Updated at: 19.15pm
HERE’S A FIVE-exercise chest workout to really knock you into shape – and yes, there are press-ups.
The session should be done by performing each exercise in 4 sets of 15 reps of each exercise, while keeping the pace up.
Exercise #1 – Alternate dumbbell press on a Swiss ball
Lie back with your shoulders on the Swiss Ball and hold a dumbbell in each hand.
Keeping one arm still and straight, lower the other dumbbell.
Pause, then press it back up and lower the other. (That’s 15 reps each side, folks)
Exercise #2 – Clap press-up
Drop down into the press-up position, hands and toes touching the floor.
Lower yourself to the ground and then explode upwards, taking your hands off the floor and bringing them together before putting them back down again.
Make the movement an explosive one!
Exercise #3 – Dumbbell press on an incline bench
Lie on an incline bench with a dumbbell in each hand and your arms extended straight above your chest. Lower the dumbbells until they’re resting along the sides of your chest.

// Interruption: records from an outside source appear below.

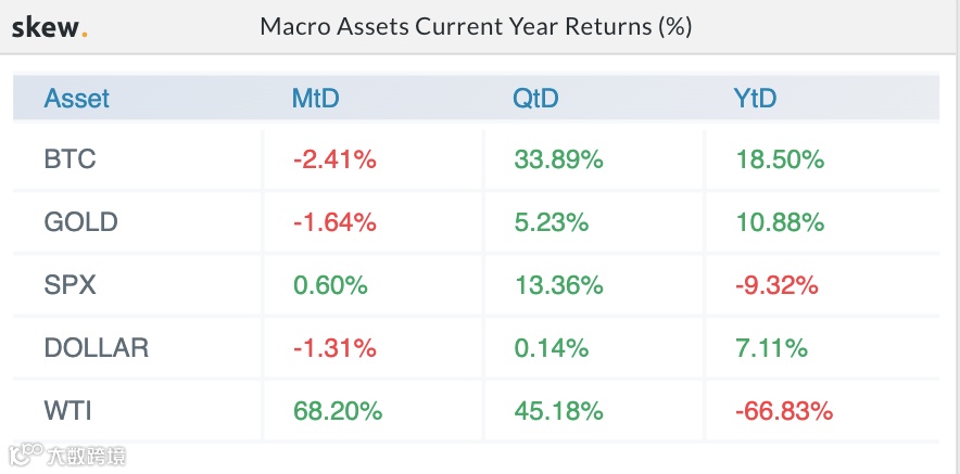 尽管比特币的价格走势平平,但与传统市场和大宗商品相比,比特币仍是今年迄今为止表现最出色的资产,并具有明显的领先优势。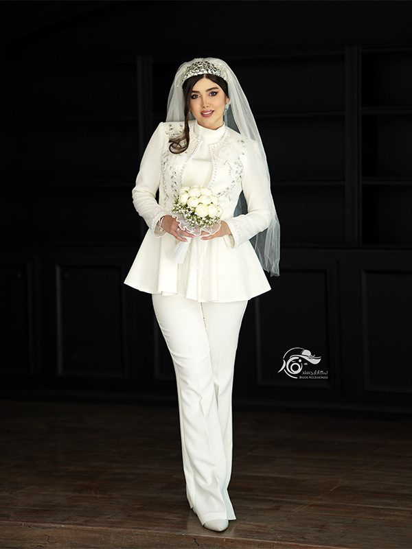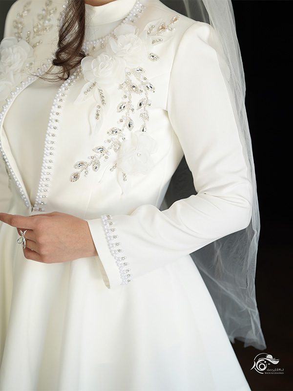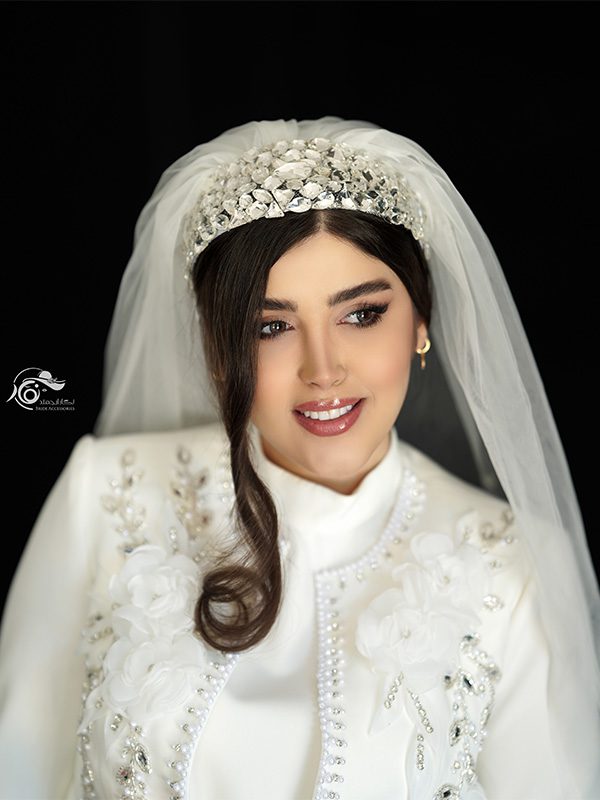 استفاده شده از گلهای دست ساز پارچهای، مروارید، سنگ و کریستال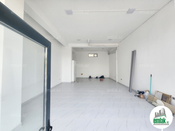 Yeni tikili binanin 1ci mertebesinde umumi sahes 86 m², hündürlüyü 6 metr, təmirli obyekt satılır. İşığı, suyu var.
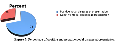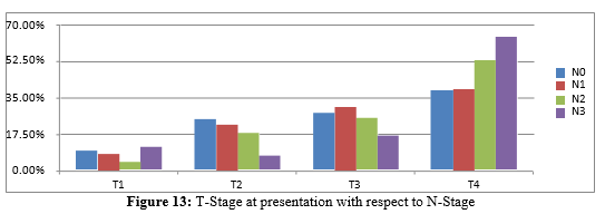 Late presentation in terms of advanced T stage (T3 and T4) of 74.1% at presentation, cTNM (stage III and IV) of 88.1% at pre- study done in Nigeria revealed chances of having stage III and IV disease at presentation is greater than 80% [25]. This could be due to lenient health seeking behavior, socioeconomic factors, lack of screening tools in primary health facilities and procrastinated re- ferral process.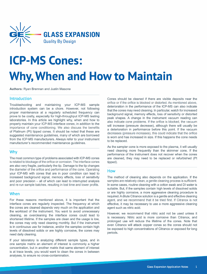 Contact us at enquiries@geicp.com to check the availability of cones for your ICP-MS model.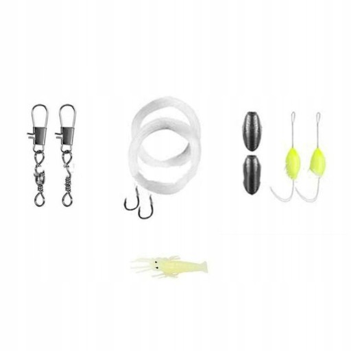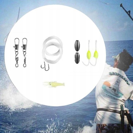 1 комплект аксесуарів для риболовлі (рибальський гачок * 2 волосіні * 1 свинцеве грузило * 2 наживки для креветок * 1 коннектор * 2 бобера * 2)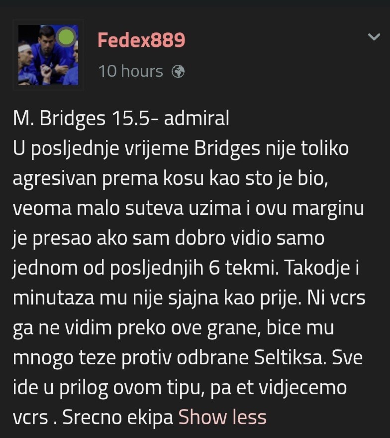 U posljednje vrijeme Bridges nije toliko agresivan prema kosu kao sto je bio, veoma malo suteva uzima i ovu marginu je presao ako sam dobro vidio samo jednom od posljednjih 6 tekmi. Takodje i minutaza mu nije sjajna kao prije. Ni vcrs ga ne vidim preko ove grane, bice mu mnogo teze protiv odbrane Seltiksa. Sve ide u prilog ovom tipu, pa et vidjecemo vcrs . Srecno ekipa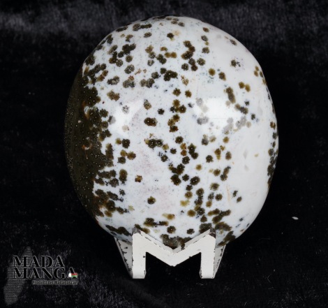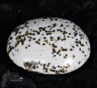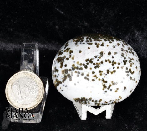 Diaspro oceanico in forma libera, di colore bianco e verde scuro, con orbicoli a "fiore", dimensioni cm.5,1x4,4x2,6, peso 81 grammi.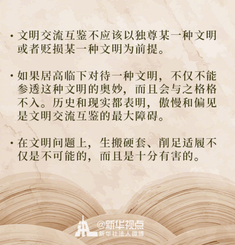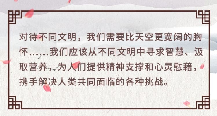 在這次演講中,習(xí)近平主席用生動的語言講明了對待不同文明應(yīng)有的態(tài)度和原則: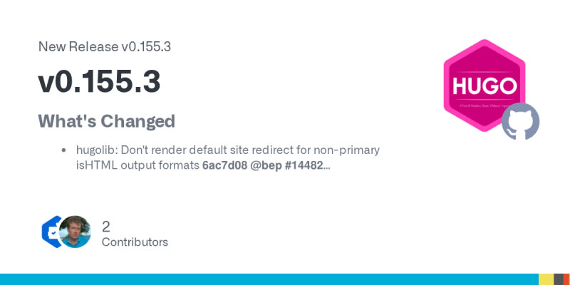 Hugo v0.155.3 fixes several bugs including an issue with default site redirects for non-primary HTML output formats, a stuck server global error logging problem, and a panic in the server browser error handler. The release also updates the esbuild dependency from 0.27.2 to 0.27.3.

Pause, then press them back up explosively.
Exercise #4 — Dumbbell fly on a Swiss Ball
Keeping an arch in your elbows, slowly lower the weights out to your sides.
Maintain the same angle in your elbow joints when both lowering and raising and press the weights when they’re back together.
Keep the movement slow and controlled.
Exercise #5 — Cable punch
Stand adjacent to a cable machine set at shoulder level. Grab the attachment and punch your arm forward by extending at your elbow so that your palm faces the floor.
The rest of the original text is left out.